Sure, the Heatles were supposed to be the foils of the NBA, and the Yankees are perennial rapscallions, but how genuine are these efforts? The vitriol against these franchises stems more from a feeling of undeserved success — a.k.a., buying championships — than actual malice committed by its players.

But finally, the void is being filled genuinely.

The newest "villains" are the Detroit Lions, as declared by Yahoo Sports. The NFL itself has gotten in on the action; the league's website called last weekend's Lions/Broncos affair "Good vs. Evil."

And unlike the Heat or Yankees or any other team sold as "evil" lately, this depravity is organic.

There's been a rash of alleged trash-talking by star defensive end Ndamukong Suh. An anonymous quotation calling football's presumed saint Tim Tebow "embarrassing" and a "joke" after Evil defeated Good last weekend in Denver. Detroit linebacker Stephen Tulloch even imitated Tebow's kneeling prayer pose after a sack, with the temporarily immobialized idol lying on the ground nearby.

This is not a hatred of a uniform or a franchise or anger based on a rivalry. This is the franchise in American sports that, for the past decade, has been pitied, not objectionable.

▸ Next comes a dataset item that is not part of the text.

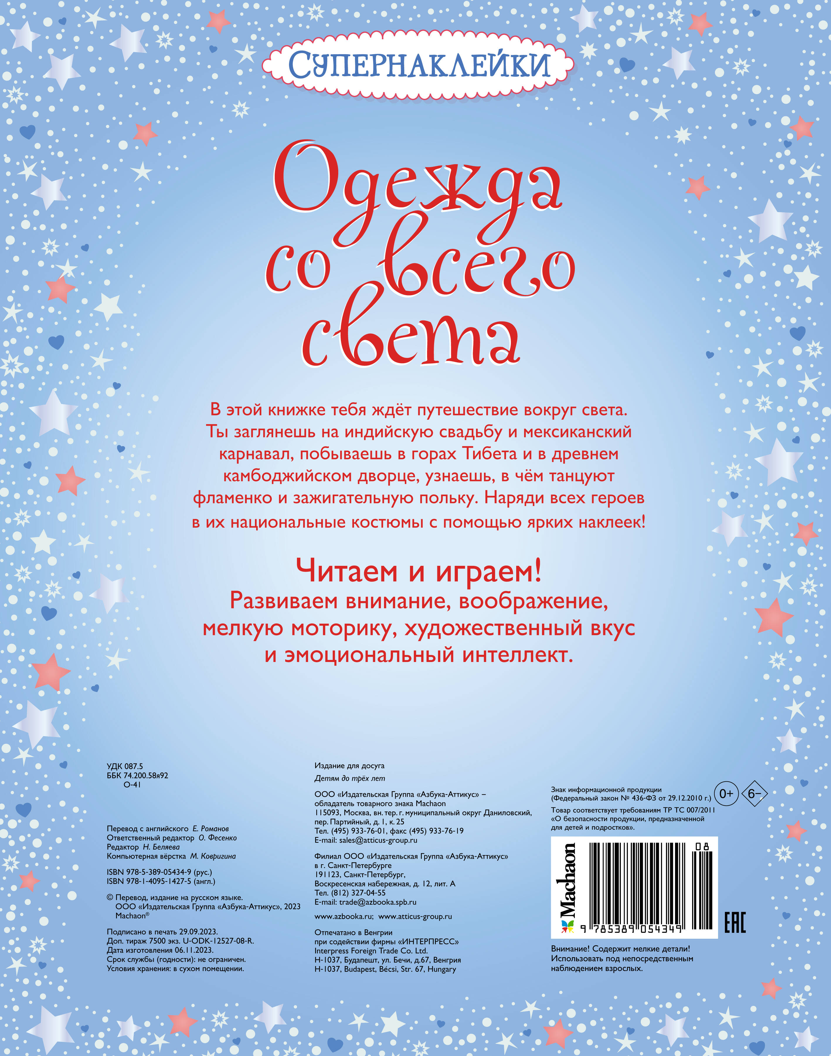 В этой книжке тебя ждёт путешествие вокруг света. Ты заглянешь на индийскую свадьбу и мексиканский карнавал, побываешь в горах Тибета и в древнем камбоджийском дворце, узнаешь, в чём танцуют фламенко и зажигательную польку. Наряди всех героев в их национальные костюмы с помощью ярких наклеек! Читаем и играем! Развиваем внимание, воображение, мелкую моторику и художественный вкус.| Издательство | Азбука-Аттикус Издат.группа ООО |

Moreso than even the Chicago Cubs — whose fans can sometimes irk casual observers — the Lions have done nothing to warrant anger besides ruining the early Thanksgiving game every year by being blown out.

But now the checklist for a perfect villain is taking shape.

First off, the team is vengeful. The Lions have been the NFC Central/North's punching bag since 1991, the last year they won a playoff game. The fans are the same ones who witnessed merciless beatdowns by the Packers while they cheered on Dan Orlovsky.

Second, the team is good. It's 6-2, ranks fourth in the NFL in points per game with 29.9, and has inarguably the NFL's toughest receiver to defend in Calvin "Megatron" Johnson. Mix that with a now-feared defense, and this is team is nails, not thumbtacks.

Last — and most important — the team is embracing its evil. Similar to the 2007 Patriots, the Lions are not just accepting the title and then avoiding it. They're actually owning up to it.

"Evil won," Suh said after the Broncos game. And don't forget how, just a few weeks ago, Lions head coach Jim Schwartz almost fought 49ers coach Jim Harbaugh after an overly enthusiastic postgame handshake.

Honestly, there's a sadistic pleasure to see a genuine scoundrel in the American sports league that most carefully manages its image. With penalty regulations and retroactive fines for plays Commissioner Roger Goodell considers "dirty," the NFL has made clear that there's no room for insubordination.

But victories are what matter most — look at the "Just win, baby" Raiders of the 1970s and '80s — and fans of a successful team will come to a stadium regardless of a team's morals. Real Ws outweigh scarlet letters.

So Detroit, please continue to embrace this genuine swag coming to fruition at Ford Field. Good football is a lot more exciting with at least one evil team competing.